On the complexity of solving equations over the symmetric group $S_4$
Erhard Aichinger, Simon Grünbacher
TL;DR
The paper analyzes the complexity of solving equations over the symmetric group $\,S_4$ by building a network of polytime reductions that connect polynomial satisfiability and equivalence over $S_4$ to matrix-ring polynomials, holomorphs, finite-field arithmetic, and CC$[2,3,2]$ circuits.

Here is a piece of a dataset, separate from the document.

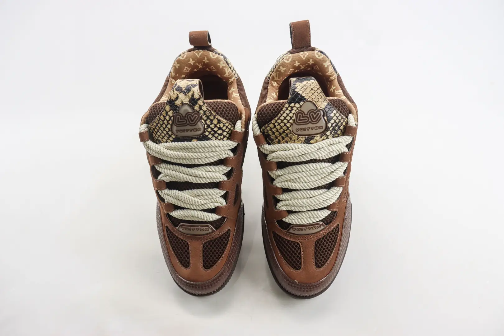 The Louis Vuitton Trainer is undoubtedly one of the successful sneakers launched by luxury brands, but the exploration will not stop and will also bring a full skate shoe series in the spring of 2023. The series in the picture is reminiscent of the 90s chunky skate shoes, with leather and mesh uppers. The oversized silhouette and thick shoelaces are very eye-catching, and it is expected to have a considerable number of color combinations like the trainer. Based on previous runway skateboarding shoes, this chunky trend may become even stronger next year.

It proves that $\textsc{PolSat}(S_4)$ reduces to the complement of $\textsc{PolEqv}(S_4)$ and that the two problems are polytime-equivalent via multiple intermediate formulations, including restricted polynomial equivalence over $\operatorname{Mat}_m(\mathbb{F}_q)$ and an arithmetical problem over $\mathbb{F}_4$. The results tie the complexity to lower bounds for $\operatorname{AND}_n$ in CC$[2,3,2]$ circuits and provide conditional upper bounds: deterministic time $\exp(O(\log n)\gamma^{-1}(n^d))$ and probabilistic time $\exp(O(\log n)+\gamma^{-1}(n^d))$, with $\gamma$ reflecting a minimal circuit size; under the Strong Exponential Size Hypothesis, these yield $\exp(c\log(n)^3)$ time bounds. Overall, the work links group equation solving to modular circuit complexity, offering a framework for conditional complexity results in the nonabelian setting of $S_4$.
Abstract
The complexity of solving equations over finite groups has been an active area of research over the last two decades, starting with Goldmann and Russell, \emph{The complexity of solving equations over finite groups} from 1999. One important case of a group with unknown complexity is the symmetric group $S_4.$ In 2023, Idziak, Kawałek, and Krzaczkowski published $\exp(Ω(\log^2 n))$ lower bounds for the satisfiability and equivalence problems over $S_4$ under the Exponential Time Hypothesis. In the present note, we prove that the satisfiability problem $\textsc{PolSat}(S_4)$ can be reduced to the equivalence problem $\textsc{PolEqv}(S_4)$ and thus, the two problems have the same complexity. We provide several equivalent formulations of the problem. In particular, we prove that $\textsc{PolEqv}(S_4)$ is equivalent to the circuit equivalence problem for $\operatorname{CC}[2,3,2]$-circuits, which were introduced by Idziak, Kawełek and Krzaczkowski. Under their strong exponential size hypothesis, such circuits cannot compute $\operatorname{AND}_n$ in size $\exp(o(\sqrt{n})).$ Our results provide an upper bound on the complexity of $\textsc{PolEqv}(S_4)$ that is based on the minimal size of $\operatorname{AND}_n$ over $\operatorname{CC}[2,3,2]$-circuits.